Analysing data with NaNs. NaN is a special value of `float32` and `float64` arrays used to designate Not-a-Number values. For example:

arr = np.array([1,2,3,4,5,np.nan,7,8,9], dtype=np.float32)

arr

To compute statistics on arrays containing NaN values, Numpy has special versions of common functions such as `mean`, `std` or `sum` that ignore the NaN values:

print(np.mean(arr))

print(np.nanmean(arr))

We have been previously filtering out water and cloud effects from images by setting the pixels to `0`. However, if we are interested in performing statistics to summarise the information in the image, this could be problematic. For example, consider the following uint16 array in which the value `0` designates no data.

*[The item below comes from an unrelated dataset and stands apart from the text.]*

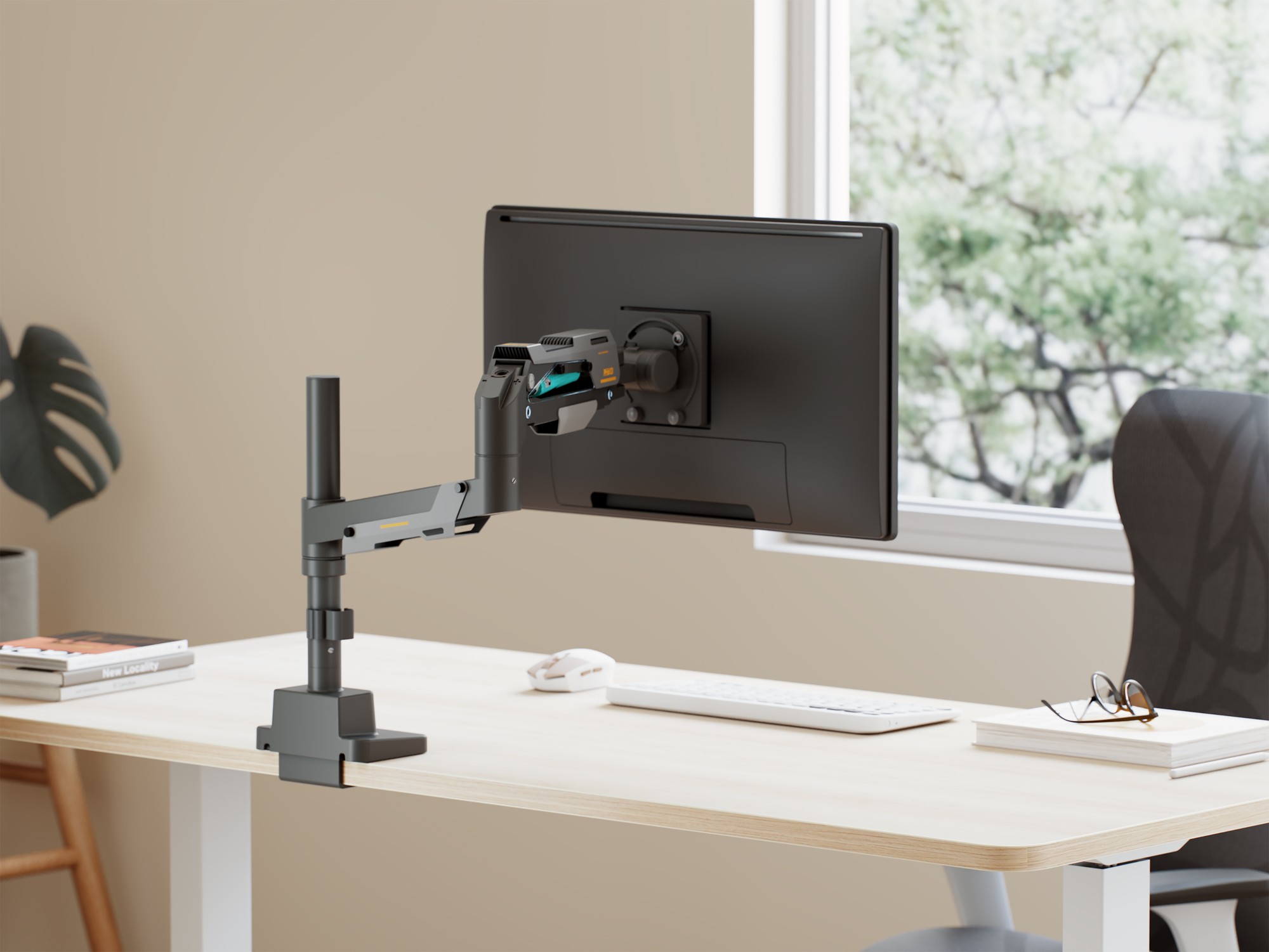 ■ 便利なクイックリリースVESAプレ―ト採用、ガススプリング式モニターアーム

If we want to compute the mean of all the valid values, we can do converting the array to float type and then assigning the value `0` to NaN.

arr = np.array([234,243,0,231,219,0,228,220,237], dtype=np.uint16)

print("0s mean:", np.mean(arr))

arr = arr.astype(np.float32)
arr[arr==0]=np.nan

print("NaNs mean:", np.nanmean(arr))

Exercise 4.6: Can you calculate the mean value of the green channel for just the area covered with grass in the following image?

# 1.- Load the image
im = imageio.imread('data/land_mask.png')

# 2.- Select green channel
im = ?

# 3.- Change the type of im to float32
im = ?

# 4.- Use the previous boolean array to set all pixels other than grass to NaN
im?

# You should see the all NaN regions white
plt.imshow(im)

# 5.- Calculate the mean value
answ = ?

check_answer("4.6", int(answ))